Consider the periodicity of the following function: $y=f(x)=\cos (x^2)$?

Question

A periodic function is a function with $f(x) = f(x+T) \ (T>0; ∀x ∈ D; \ D$ is the definite set). In the problem I give, I am trying to prove that there does not exist a satisfying $T$. However when I substitute $T = 2\pi$, we get $\cos[(x+2\pi)^2] = \cos(x^2 + 4x\pi + 4 \pi^2) = \cos (x^2)$, so this is a periodic function , but the answer given is a non-periodic function and I don't know what was wrong ?

Answer 1

It is not. Both the terms $4\pi x$ and $4 \pi^2$ cannot be 'canceled', since $x$ can be anything and $4\pi^2 = 2\pi(2\pi)$, so neither of them is necessarily a integer multiple of $2\pi$ (the latter never is).
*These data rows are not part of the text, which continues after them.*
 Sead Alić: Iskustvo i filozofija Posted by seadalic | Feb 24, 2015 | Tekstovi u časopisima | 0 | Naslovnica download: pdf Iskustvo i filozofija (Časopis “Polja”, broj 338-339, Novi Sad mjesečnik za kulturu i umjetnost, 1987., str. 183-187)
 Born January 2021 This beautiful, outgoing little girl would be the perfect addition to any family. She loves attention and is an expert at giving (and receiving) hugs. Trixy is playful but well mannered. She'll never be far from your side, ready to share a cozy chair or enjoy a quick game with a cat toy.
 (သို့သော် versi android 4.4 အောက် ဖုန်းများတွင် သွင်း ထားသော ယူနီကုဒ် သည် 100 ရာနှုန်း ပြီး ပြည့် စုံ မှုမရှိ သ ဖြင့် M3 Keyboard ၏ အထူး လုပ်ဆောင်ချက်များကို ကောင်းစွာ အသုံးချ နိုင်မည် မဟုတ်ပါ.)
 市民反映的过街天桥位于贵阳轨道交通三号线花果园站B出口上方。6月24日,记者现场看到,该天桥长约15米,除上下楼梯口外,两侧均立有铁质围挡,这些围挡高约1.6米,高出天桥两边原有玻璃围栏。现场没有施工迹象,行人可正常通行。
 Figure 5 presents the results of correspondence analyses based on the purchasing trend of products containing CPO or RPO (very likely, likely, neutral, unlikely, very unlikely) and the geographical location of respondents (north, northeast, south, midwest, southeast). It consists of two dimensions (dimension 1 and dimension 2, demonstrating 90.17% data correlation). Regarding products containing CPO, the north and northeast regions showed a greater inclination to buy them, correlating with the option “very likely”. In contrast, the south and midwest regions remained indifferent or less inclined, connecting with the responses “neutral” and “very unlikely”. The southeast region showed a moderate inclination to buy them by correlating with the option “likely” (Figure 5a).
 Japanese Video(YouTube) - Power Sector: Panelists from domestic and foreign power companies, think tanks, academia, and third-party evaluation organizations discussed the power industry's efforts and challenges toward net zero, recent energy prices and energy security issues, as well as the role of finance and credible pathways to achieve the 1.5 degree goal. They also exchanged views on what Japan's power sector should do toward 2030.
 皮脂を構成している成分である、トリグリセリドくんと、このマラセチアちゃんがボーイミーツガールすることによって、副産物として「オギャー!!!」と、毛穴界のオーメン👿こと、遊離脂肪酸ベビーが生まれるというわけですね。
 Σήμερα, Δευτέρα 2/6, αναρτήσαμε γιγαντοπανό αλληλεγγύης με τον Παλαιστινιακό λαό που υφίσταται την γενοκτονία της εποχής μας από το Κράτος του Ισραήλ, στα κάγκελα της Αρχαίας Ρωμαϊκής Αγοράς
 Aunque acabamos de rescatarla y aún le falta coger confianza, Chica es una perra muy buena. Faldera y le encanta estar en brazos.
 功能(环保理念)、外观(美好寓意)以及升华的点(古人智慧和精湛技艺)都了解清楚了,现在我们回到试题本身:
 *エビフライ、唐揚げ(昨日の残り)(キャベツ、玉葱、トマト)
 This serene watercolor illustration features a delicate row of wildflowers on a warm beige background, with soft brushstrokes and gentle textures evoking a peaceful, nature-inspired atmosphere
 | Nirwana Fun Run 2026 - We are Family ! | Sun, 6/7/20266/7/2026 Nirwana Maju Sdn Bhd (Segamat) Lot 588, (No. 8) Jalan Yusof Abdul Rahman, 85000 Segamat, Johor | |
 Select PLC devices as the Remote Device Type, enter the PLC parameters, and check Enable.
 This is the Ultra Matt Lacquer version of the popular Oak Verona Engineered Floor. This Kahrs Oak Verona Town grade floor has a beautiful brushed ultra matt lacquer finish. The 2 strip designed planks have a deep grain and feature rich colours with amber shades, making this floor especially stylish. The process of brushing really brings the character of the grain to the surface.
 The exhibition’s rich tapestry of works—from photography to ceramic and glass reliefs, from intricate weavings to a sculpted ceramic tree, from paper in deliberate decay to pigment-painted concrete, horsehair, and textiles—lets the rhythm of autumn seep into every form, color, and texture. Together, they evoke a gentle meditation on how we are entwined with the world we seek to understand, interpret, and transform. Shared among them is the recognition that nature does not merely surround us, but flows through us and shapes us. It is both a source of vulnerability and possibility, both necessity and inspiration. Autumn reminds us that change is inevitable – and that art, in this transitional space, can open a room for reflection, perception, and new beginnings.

Even combining then we get $2\pi(2x+2\pi)$, and whenever $2x+2\pi$ is not an integer, we do not get $\cos(x^2+2\pi(2x+2\pi))=\cos(x^2)$

For example: $$\cos(0^2) = \cos(0) = 1$$ $$\cos((2\pi)^2) = \cos(4\pi^2) \approx -0.207$$

I recommend looking the graph of the function.